6. Performance Matters
Performance is one of the strongest points for one to make parallel programming difficult. It defeats the purpose if the performance gain is insignificant. For this single reason, one is willing to do the following,

• Perform dynamic load balancing for uneven computation units.
• Apply hardware and application specific task scheduling and processor allocation to maximize the processor utilization with other cost minimization objectives e.g. minimizing the distance between two frequently communicating cores, minimizing context switching, minimizing working sets, etc.
• Apply hardware specific compute granularity optimization - coarse grain vs fine grain.
• Apply hardware specific cache optimization to minimize memory fetches as multiple cores are sharing the memory, hence sharing the outstanding memory fetching slots and memory bandwidth.
• Apply application specific coarse grain synchronization of memory trading off structured codes and maintainability for lower synchronization overhead.
• Use traditional programming language such as C/C++, Fortran etc. trading off the ease of programming in modern dynamic scripting language for performance.
• Develop application specific routines with hardware specific optimization trading off portability and re-usability for performance.
• Design hardware and application specific memory layout trading off portability and re-usability for performance.
• Apply I/O storage optimization to minimize I/O overhead and improving sustainable I/O bandwidth.
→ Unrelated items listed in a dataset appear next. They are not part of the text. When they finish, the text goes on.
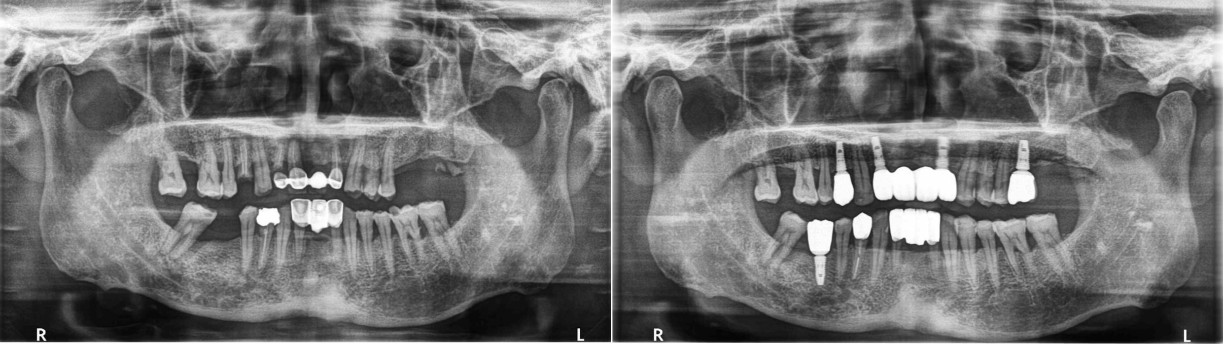 了解之後,重建之路由此展開,處理的順序先從建立新的後牙咬合開始,利用三顆植牙和一顆假牙讓病人有穩定的後牙咬合後就差不多完成了,最後回到前牙,兩顆植牙乘載四顆假牙和下排換掉不美觀的假牙後完成病人的笑容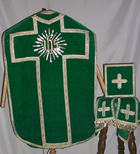 Ornement vert 1 : chasuble, bourse de corporal, étole, manipule, voile de calice,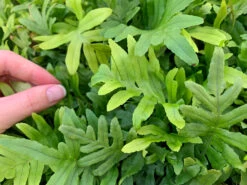 Polypodium Whitley Giant is a beautiful, hardy fern with dark green arching fronds. This little guy loves humidity so will do really well in a bathroom – softening those hard edges with his delicate form.Â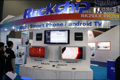 On April 12, 2011, a brilliant show of electronic products was performed at the booth of Fuzhou Rockchip Electronics Co, Ltd, on the China Sourcing Fair (CSF). With the new released RK29xx solution, terminal products including Android TV, MID and Smartphone has taken on a brand-new outlook with Gingerbread (Android2.3), attracting many buyers on the spot; other products on PMP and eBook are also shown to the buyers in this show.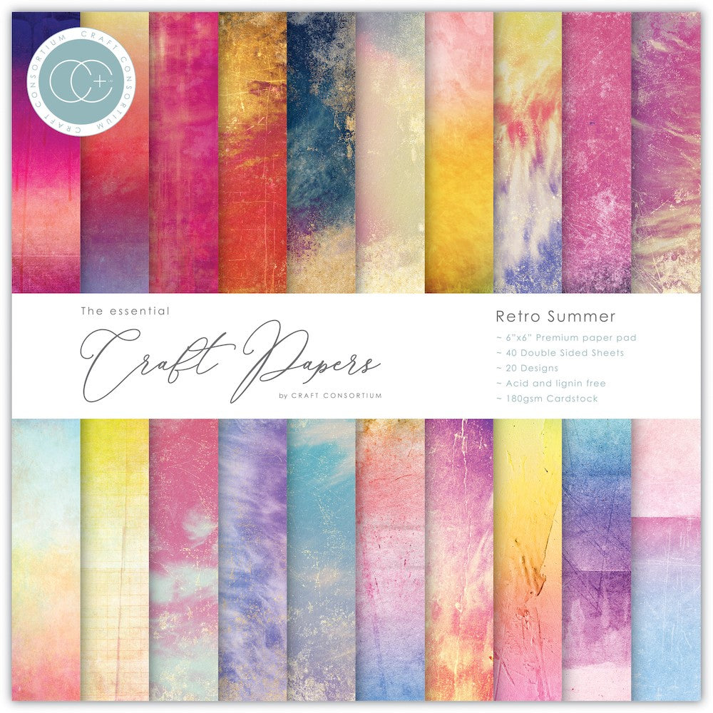The Craft Consortium Retro Summer 6 x 6 inch Paper Pad is a premium paper pad containing high-quality 180gsm paper. You'll have a total of 40 double-sided sheets, 4 of each of the 20 designs. This paper pad is perfect for all your crafting needs, as it is acid-free and lignin-free, ensuring that your projects will maintain their color and texture over time. Measuring 6x6 inches, this paper pad is compact and perfect for a variety of paper crafting projects.

You may notice that some of the points above are not directly related to parallel programming. Nevertheless, they affect performance. So they may be included as part of the parallel programming process.

7. Legacy Software Is Often Used As The Entry Point To Parallelization
It is expensive to build a software from scratch. It makes sense to build a parallel version based on the existing serial version. Unfortunately, the software architecture of the serial version may not be suitable for building a parallel version.

Incremental parallelization sounds nice, but not always practical. Effective parallelization could require massive changes to the data structures for better data partitioning, data accesses to synchronize shared memory locations, computation structures for coarse grain parallelism, or even the algorithms for better parallelization. Global variables which are often found in serial program is particularly problematic for parallelization. How well structured is the data dependency in the legacy software is playing an important role to effective parallelization.

For more structural algorithms as of many scientific algorithms, they are always used for large-scale data, and their data dependency is often well structured. Then, parallelizing the serial version would be a good idea.